#### ASSIGNED TASK:
Where the line holding "(写真)人気の週末ブランチ(11:00~" appears, start copying, and continue exactly through the last line of the listing, skipping pictures.
━━━━
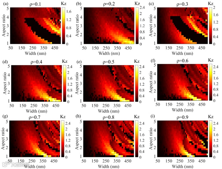 图2 不同ρ值下SSN光力探针的kz与W、AR之间的关系。 (a) ρ = 0.1 (b)ρ = 0.2 (c) ρ = 0.3 (d) ρ = 0.4 (e) ρ = 0.5 (f) ρ= 0.6 (g) ρ = 0.7 (h) ρ = 0.8 (i) ρ = 0.9。图中的黑色像素表示SSN纳米颗粒在该尺寸条件下,不能实现3D捕获。
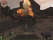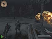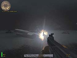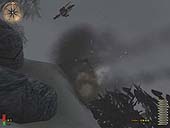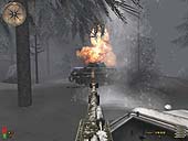 いきなり話は飛んで1944年12月24日のクリスマスイブ,いわゆるアルデンヌの森とよばれるベルギーの最激戦区。この壮絶な戦車戦が行なわれた地で,雪の中を駆け回ることになる。バーンズ軍曹は,前作MoHAAで有名になった6連装のロケット砲"ネーベルウェルファー"相手にトンプソンで突撃を強いられたり,トラックの護送と称して装甲車の貧弱な対戦車銃で何輌もの敵戦車を相手させられたりと,相変わらず恵まれない歩兵生活を送ることになる。たび重なる砲撃の豪雨の中,蛸壺(塹壕)から蛸壺へと飛び移りつつ衛生兵を探し回るステージが見どころだ。このあと暗闇の中から大量のドイツ兵が防衛ラインへと押し寄せてくるシーンに移り,対空砲で敵攻撃機を撃墜するラストまで大きなイベントの連続だ(セーブ/ロード機能を考えないなら,どう考えてもこのシーンが最も難しい)。「プライベート・ライアン」でも大活躍した,粘着爆弾で戦車に挑むシーンもある。
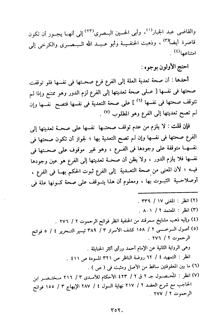 والقاضي عبد الجبار، وأبي الحسين البصري إلى أنها يجوز أن تكون قاصرة أيضا، وذهبت الحنفية وأبو عبد الله البصري والكرخي إلى امتناعها.
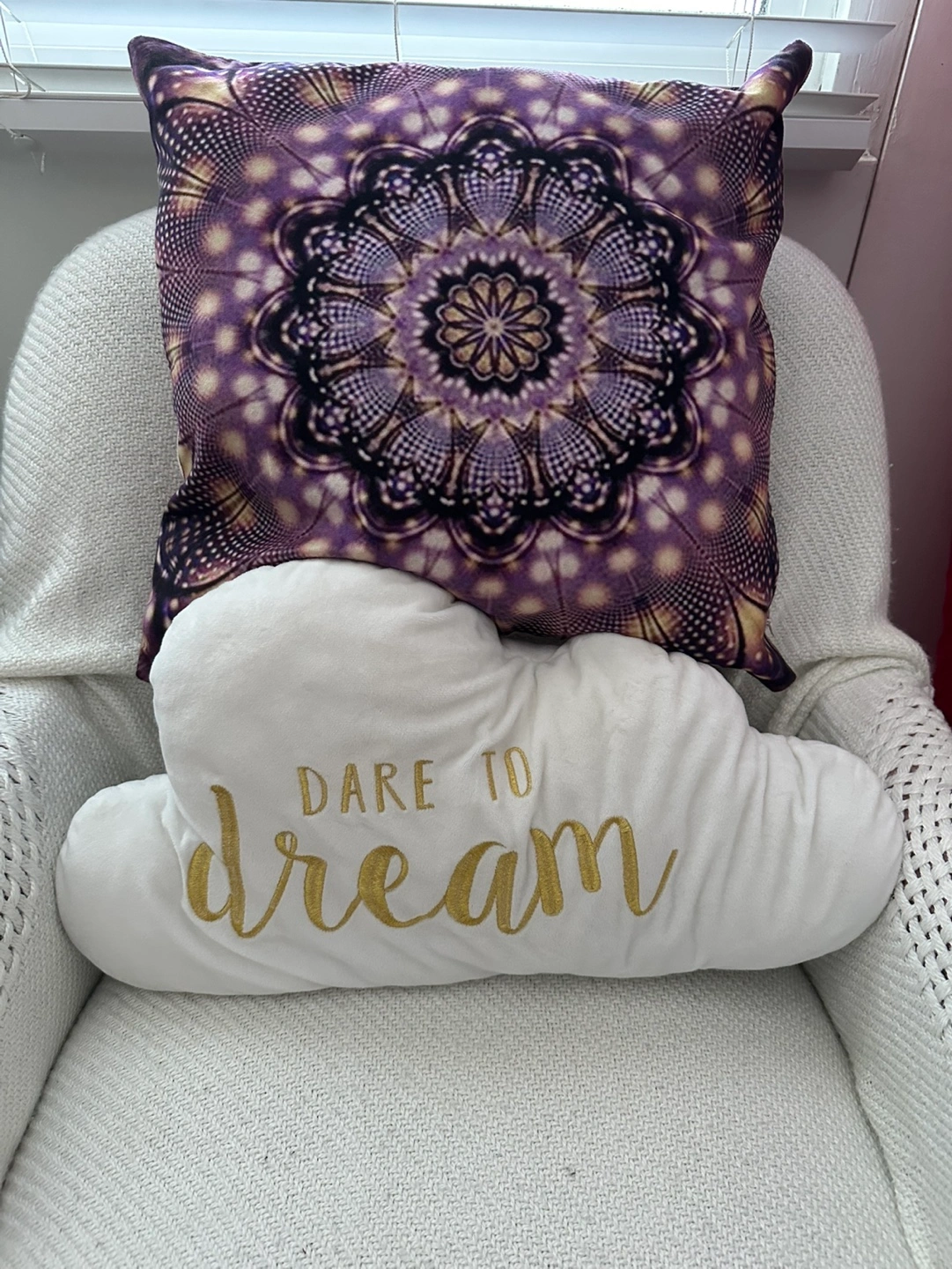 Two decorative throw pillows. One square pillow features a mandala design in purple and beige tones. The other is cloud-shaped with gold lettering that says "Dare to Dream". Perfect for adding a touch of bohemian style to your living space. Pet and smoke free home
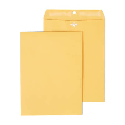 Protect important documents with Staples kraft clasp envelopes. These 9 x 12-inch envelopes fit letter-size documents, making them ideal for transporting applications, contracts and business statements. Each envelope in this 12-pack features a heavily gummed seal and clasp closure, letting you securely seal confidential documents or close with the reusable metal clasp. These Staples kraft clasp envelopes are made from 28-pound kraft paper and are durable for mailing or reusing around the office.
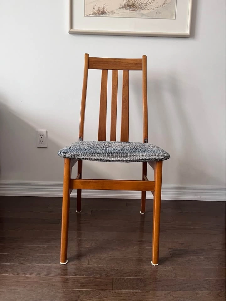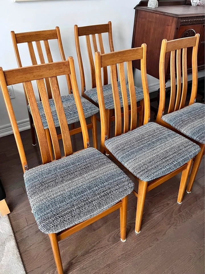 Set of 5 vintage Danish dining chairs by Farstrup. Features a nice curved back and teak and beech frame. Nicely padded seats, newly reupholstered in textured fabric. Metal brackets have been added, which is reflected in the price. Otherwise, in good vintage condition. Chairs are sturdy.
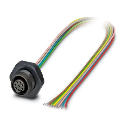 Gerätesteckverbinder Hinterwand, Universal, 8-polig, Buchse, gerade, M12-Standard, A-Kodierung, auf freies Leitungsende, Einzellitzen, Kabellänge: 0,5 m, 0,25 mm², TPE-Litze
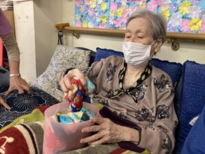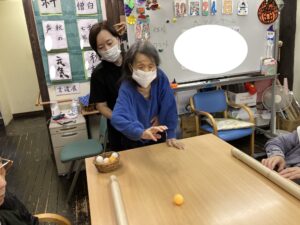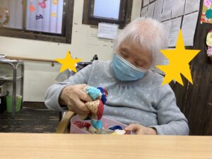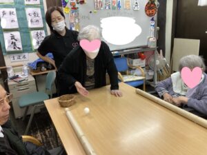ゲームはお手玉のつかみ取り大会!指先に力を込めて真剣勝負です。
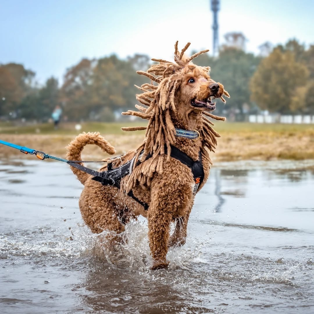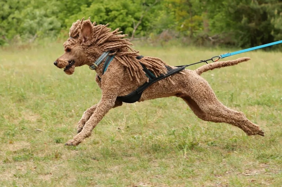 Стандартный пудель Mydrm Leroux Tophat в великолепной стрижке. Занимается ездовым спортом.
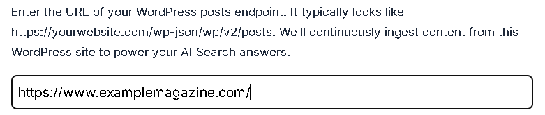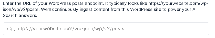 https://yourwebsite.com/wp-json/wp/v2/posts) that our system uses to ingest content.
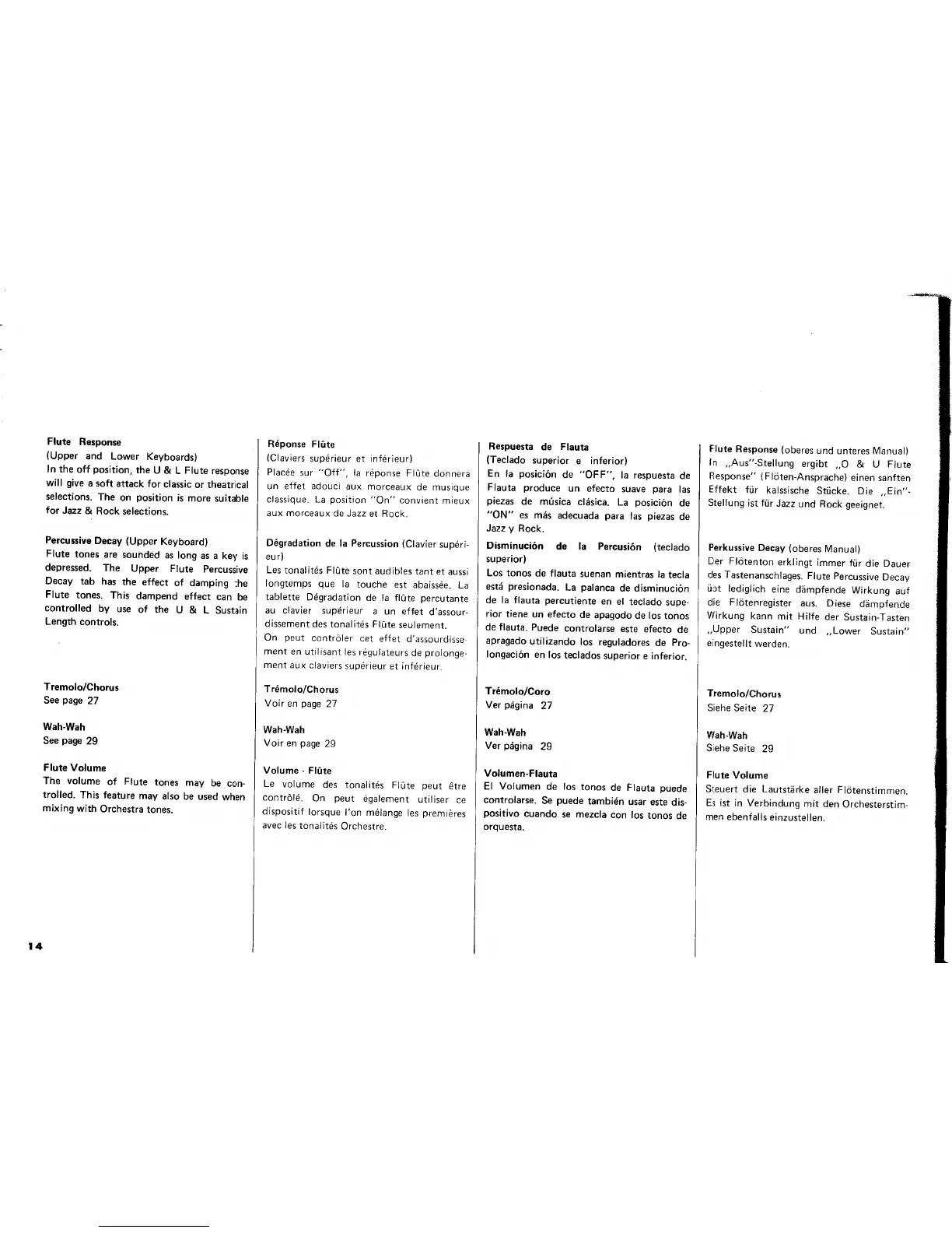 Yamaha Electone E-70 - Flute Response; Percussion Decay (Upper Keyboard); Flute Volume
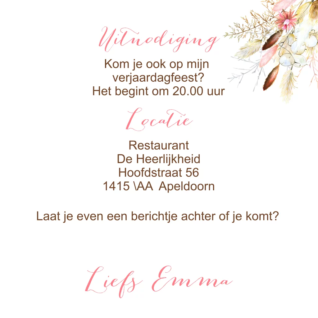 Uitnodiging verjaardag 50 jaar vrouw met droogbloemen vijftig
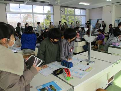 グループの仲間と協力し、実験の方法や手順を考えます。また、結果を考察する際にも仲間の考えと自分の考えを比べます。協働的な学習が進められています。
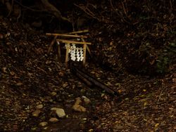 勝坂遺跡段丘下の有鹿神社の湧水。今でも海老名の有鹿神社の神職や氏子が4月に訪れてここから水を汲む
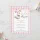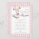 This charming first birthday party invitation features a cute little goose holding balloons and a pink gingham background. Designed by Thisisnotme©
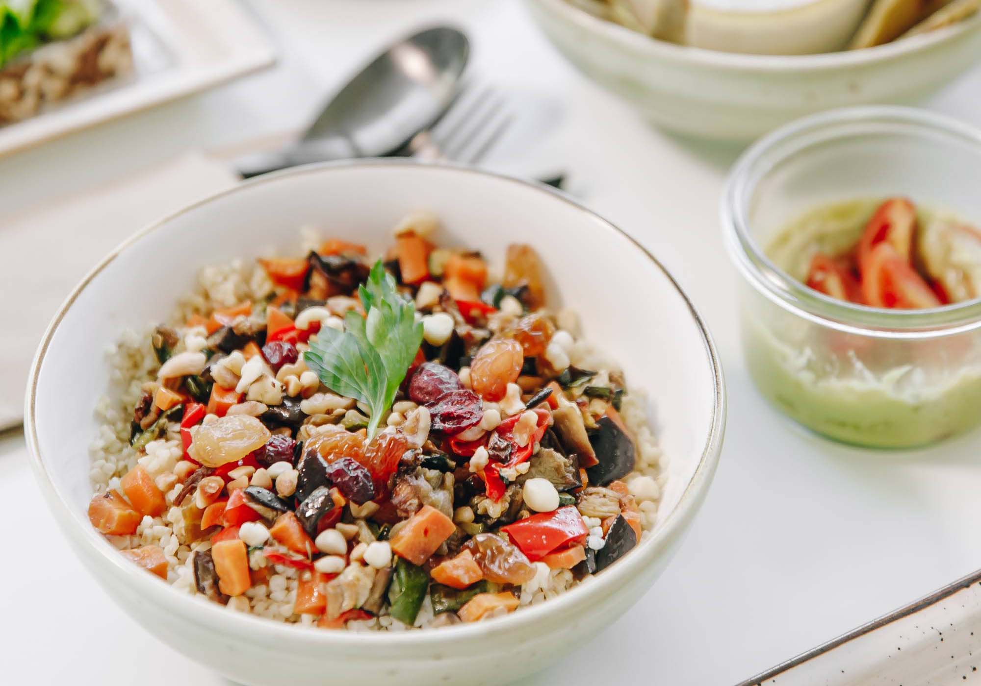 (写真)人気の週末ブランチ(11:00~15:30)の一例。ブルグル(挽き割り小麦)とカポナータ、アンズ、アーモンド、ヘーゼルナッツ、レーズンのアグロドルチェ風味や、ラップサンド用のパンを添えたフムス、ジュースやエスプレッソなどのドリンク類、ドルチェが付く(20~25ユーロ)。
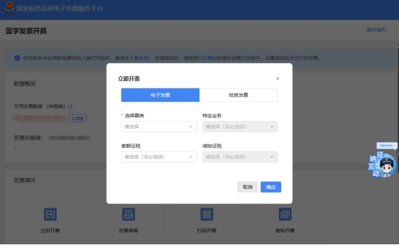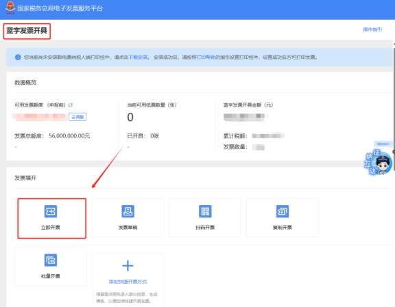 三、藍(lán)字發(fā)票開具一立即開票。
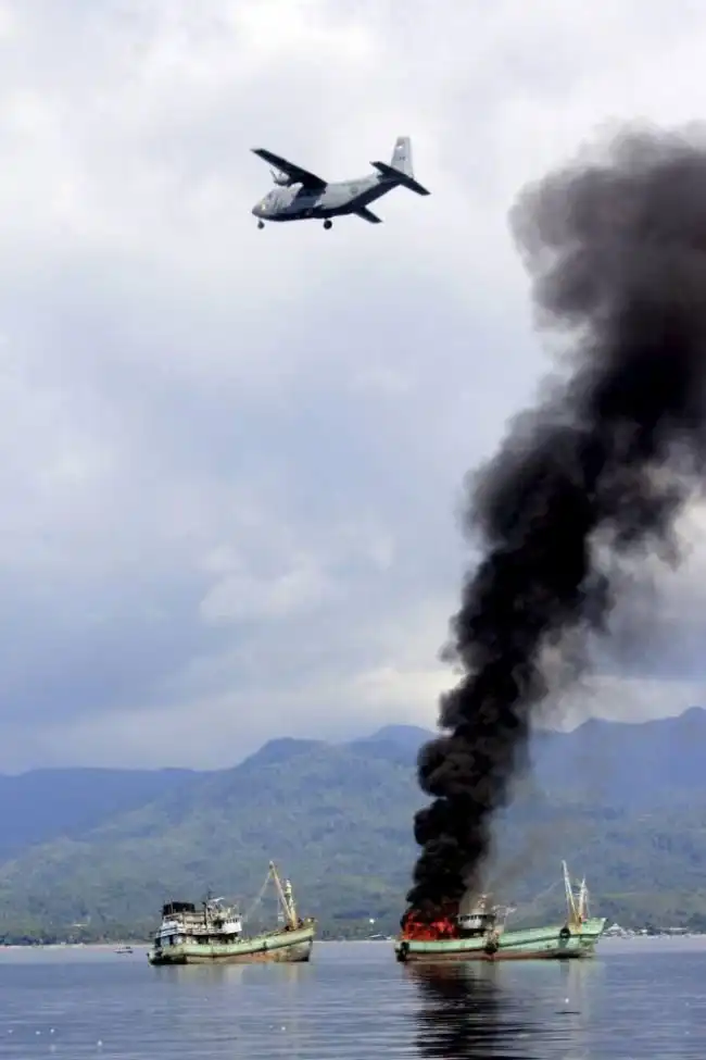 Власти Индонезии выбрали необычный способ борьбы с нелегальными рыболовами. Ловить рыбу здесь можно только при наличии лицензии, однако, далеко не все рыбаки тратят деньги на покупку лицензии. Теперь власти конфискуют у рыбаков лодки и публично взрывают их, чтобы другим не подавно было рыбачить без лицензии. Самих же рыбаков отпускают.
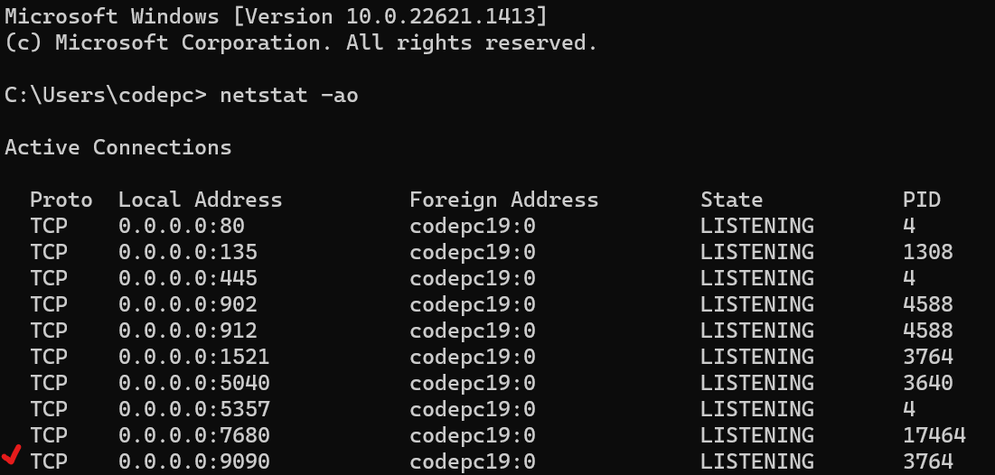 ◎ cmd창 netstat -ao ◎ 프로세스 죽이기 : taskkill /f /PID번호 ▷ taskkill /f /3764 ▷ 지금 실행하면 안됩니다!
━━━━
#### TASK OUTPUT:
 (写真)人気の週末ブランチ(11:00~15:30)の一例。ブルグル(挽き割り小麦)とカポナータ、アンズ、アーモンド、ヘーゼルナッツ、レーズンのアグロドルチェ風味や、ラップサンド用のパンを添えたフムス、ジュースやエスプレッソなどのドリンク類、ドルチェが付く(20~25ユーロ)。
 三、藍(lán)字發(fā)票開具一立即開票。
 Власти Индонезии выбрали необычный способ борьбы с нелегальными рыболовами. Ловить рыбу здесь можно только при наличии лицензии, однако, далеко не все рыбаки тратят деньги на покупку лицензии. Теперь власти конфискуют у рыбаков лодки и публично взрывают их, чтобы другим не подавно было рыбачить без лицензии. Самих же рыбаков отпускают.
 ◎ cmd창 netstat -ao ◎ 프로세스 죽이기 : taskkill /f /PID번호 ▷ taskkill /f /3764 ▷ 지금 실행하면 안됩니다!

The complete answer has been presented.